Il lavoro mostra che nelle ultime tre decadi il miglioramento nei dati di mortalità per coronaropatia acuta si è avuto in misura maggiore nelle popolazioni più anziane (>65 anni di età), con una riduzione annuale drammatica a partire dal 2002. Questo potrebbe essere un effetto di coorte dovuto alla migliorata prevenzione primaria, controllo lipidemia-diabete e stato ipertensivo negli anni precedenti negli stessi soggetti. Data anche la attuale scarsa compliance dei soggetti più anziani a programmi di prevenzione primaria e secondaria.
Considerazioni:
- È assolutamente necessario porre attenzione alla medicina di genere dato che, nonostante le raccomandazioni emanate fin dal 1993 da organi regolatori statunitensi, questo non si è ancora verificato. Le donne e in special modo le giovani donne sono poco rappresentate nei trial clinici (13). Il lavoro che commentiamo analizza a fondo questa specifica popolazione.
- Altri studi hanno analizzato tali particolari popolazioni (Women’s Health Initiative, Jackson Heart Study, Atherosclerosis Risk in Communities, Multi-Ethnic Study of Atherosclerosis, Strong Heart Study, e altri) (14), ma vengono poco considerati dalla comunità medico-scientifica e le loro conclusioni non sono patrimonio culturale condiviso.
- I fattori di rischio conosciuti e trattati sono stati studiati in popolazioni generalmente di età più avanzata (>55-65aa).

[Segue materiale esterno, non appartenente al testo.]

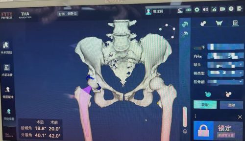 手术前,团队基于患者骨盆CT数据,在锟铻®系统中重建髋关节三维模型,清晰呈现股骨头坏死范围、髋臼形态及下肢力线异常情况。医生在虚拟空间中模拟髋臼磨锉角度、筛选假体型号、确定植入位置,提前规避解剖变异风险,为患者量身定制个体化手术方案,彻底摆脱传统手术"凭经验、靠手感"的局限。

- I dati di questo lavoro sono chiari: i classici fattori di rischio di Framingham tra le donne di età 35-54 anni sono cresciuti. È necessario uno sforzo scientifico, di ricerca e assistenziale per comprendere i meccanismi di tale peggiorato profilo di rischio in questa popolazione, che ha un ruolo sociale di grande rilevanza.
- In tale sforzo vanno coinvolti Medici di Medicina Generale, endocrinologi (dato il drammatico incremento di obesità, sovrappeso e diabete mellito tipo 2), ginecologi e altri professionisti sanitari che vengono per primi a contatto con tale popolazione.
- La prevenzione primaria e secondaria offre nuove modalità di trattamento anche per i classici fattori di rischio come l’ipercolesterolemia. Ad esempio gli anticorpi monoclonali per PCSK9 rispetto alle statine offrono alcuni vantaggi in alcuni subset di popolazione (15).
- Ultima considerazione: i Sistemi Sanitari Nazionali, dove esistono, vengono attualmente guidati da criteri economicistici che analizzano il passato, lo storico della spesa sanitaria, ma nessuna idea hanno del recente passato clinico delle popolazioni che assistono e men che meno del loro futuro. La conoscenza approfondita dei dati epidemiologici e di nuovi dati scientifici è fondamentale per un sano equilibrio nelle scelte di politica sanitaria, pena il paradosso: meglio curare bene un ultraottantenne che ha una speranza di vita di 5-10 anni e far morire un quarantenne che dovrebbe essere curato molto più a lungo e intensamente.